In U.S. Pat. No. 5,017,087 as well as WO99/22141 inventor John Leisman Sneddon has shown designs of Moineau pumps, in which the outer rotor of the pump is enclosed by and fixedly connected to the rotor of an electromotor whose stator windings are fixedly connected to the pump casing. In these designs the outer and inner rotors of the pump are both fixedly supported radially at both ends in the same pump casing, so that the outer and inner rotors of the pump function together as a mechanical gear, driving the inner rotor at the correct speed relative to the outer rotor which, in turn, is driven by said electromotor. In this case as well, signs of wedging between the inner and outer rotors may arise, in particular if solid hard particles seek to wedge between the inner and outer rotors where these have their driving contact surfaces. Besides, a disadvantage of an inner rotor fixedly supported at both ends is that if the pumping medium is of a kind which must be separated from contact with the bearings, independent dynamic seals will be needed at both ends for both the inner rotor and the outer rotor, as these do not have a common rotary axis.
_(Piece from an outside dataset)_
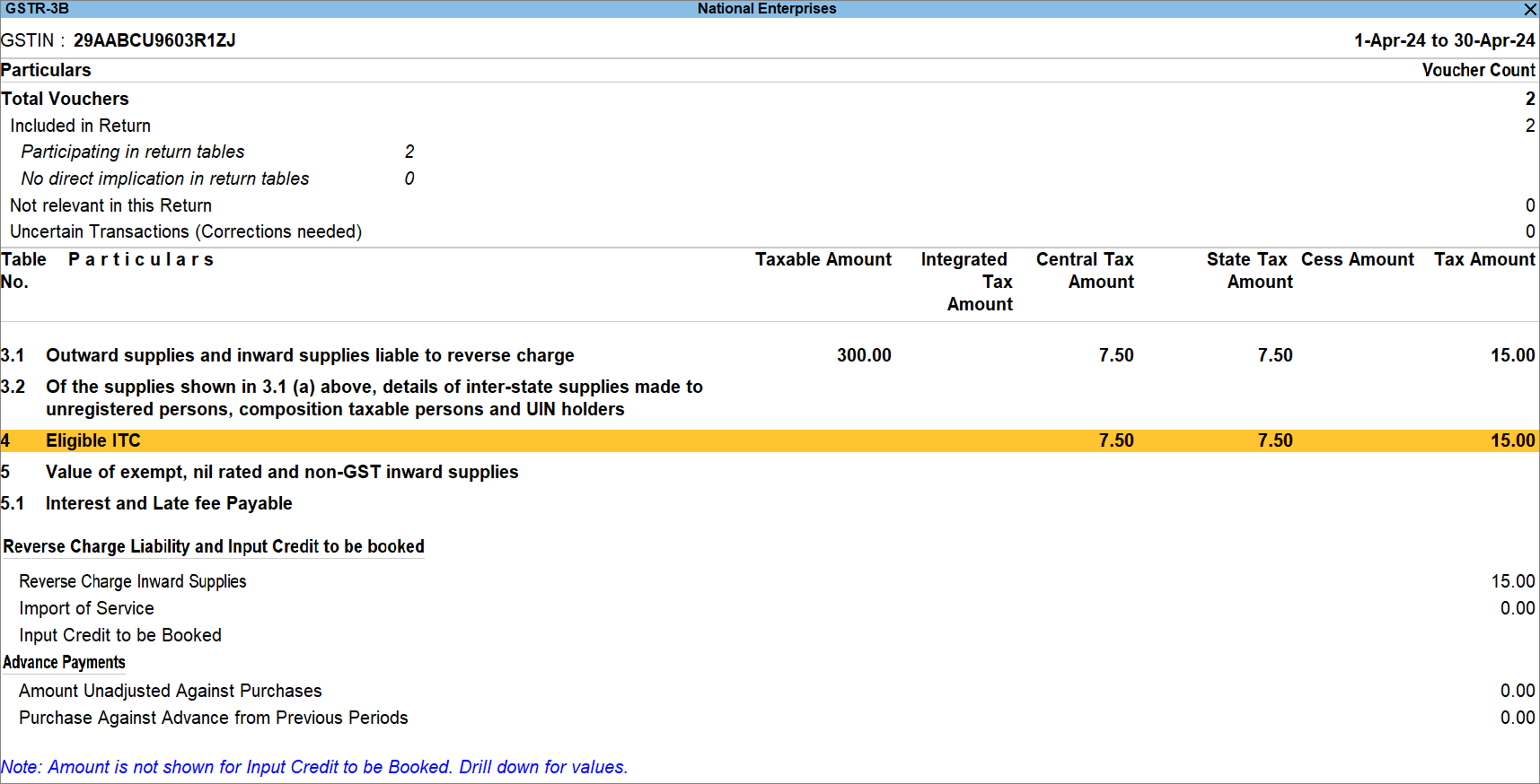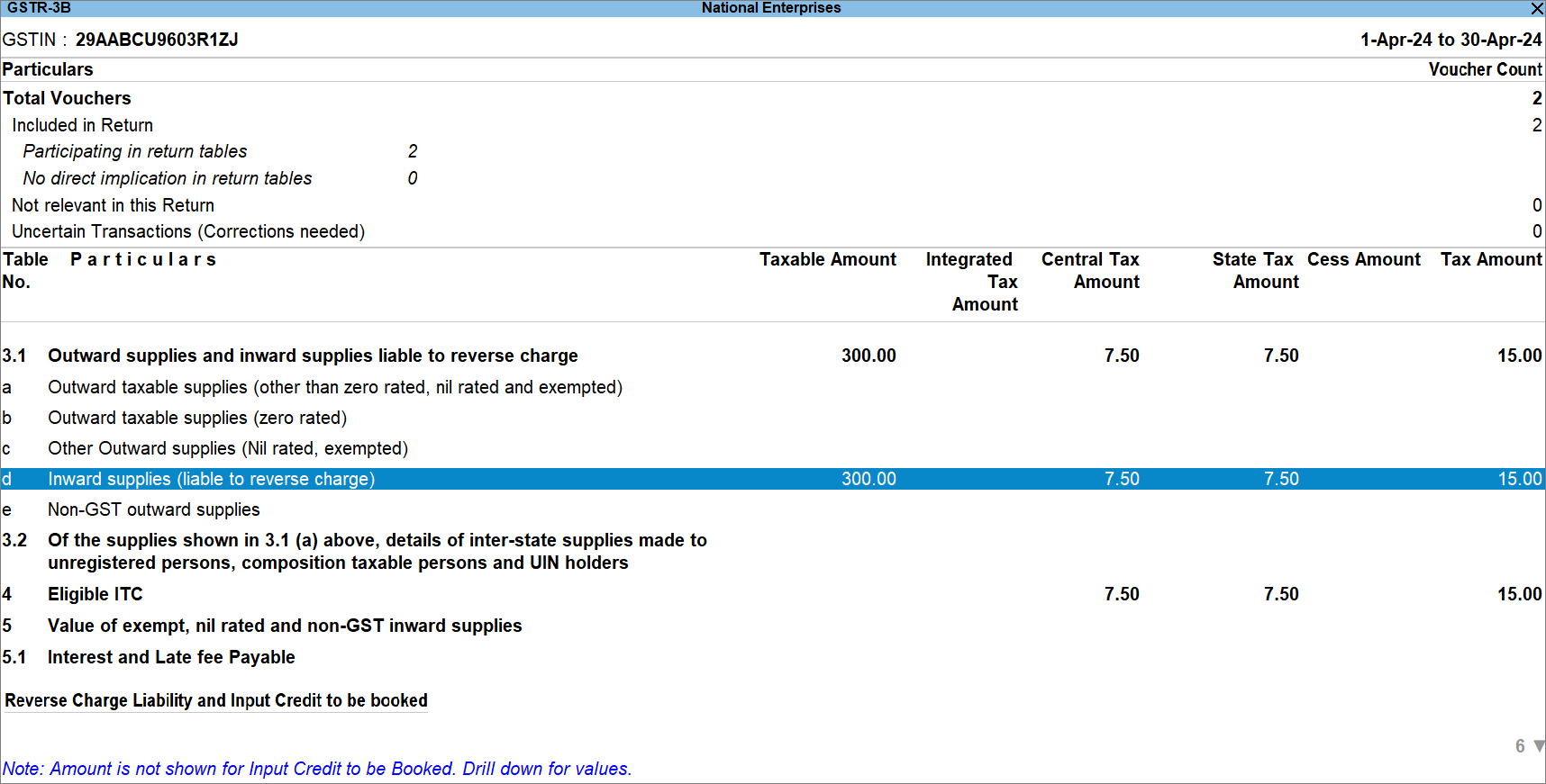 - Press Enter on Outward supplies and Inward supplies liable to reverse charge.

In U.S. Pat. No. 4,482,305 is shown a pump, flow gauge or similar according to the PCP principle with inner and outer rotors. Here is used a wheel gear outside the pump rotors which ensures a stably correct relative rotational speed between the inner and outer rotors, independently of internal contact surfaces between them. This ensures smoother running, in particular by great pressure differences and/or spacious clearances—which may be necessary to achieve a gradual pressure increase when compressible media are pumped. However, it is assumed here as well that there are dynamic seals and radial bearings at both ends of the inner rotor. The dynamic seal for the outer rotor is also complicated by the diameter of the sealing surface having to be large enough to allow an internal passage for both the pumping medium and the bearing shaft on the extension of the active helical part of the inner rotor.
The invention has for its object to remedy or reduce at least one of the drawbacks of the prior art.
The object is achieved through features which are specified in the description below and in the claims that follow.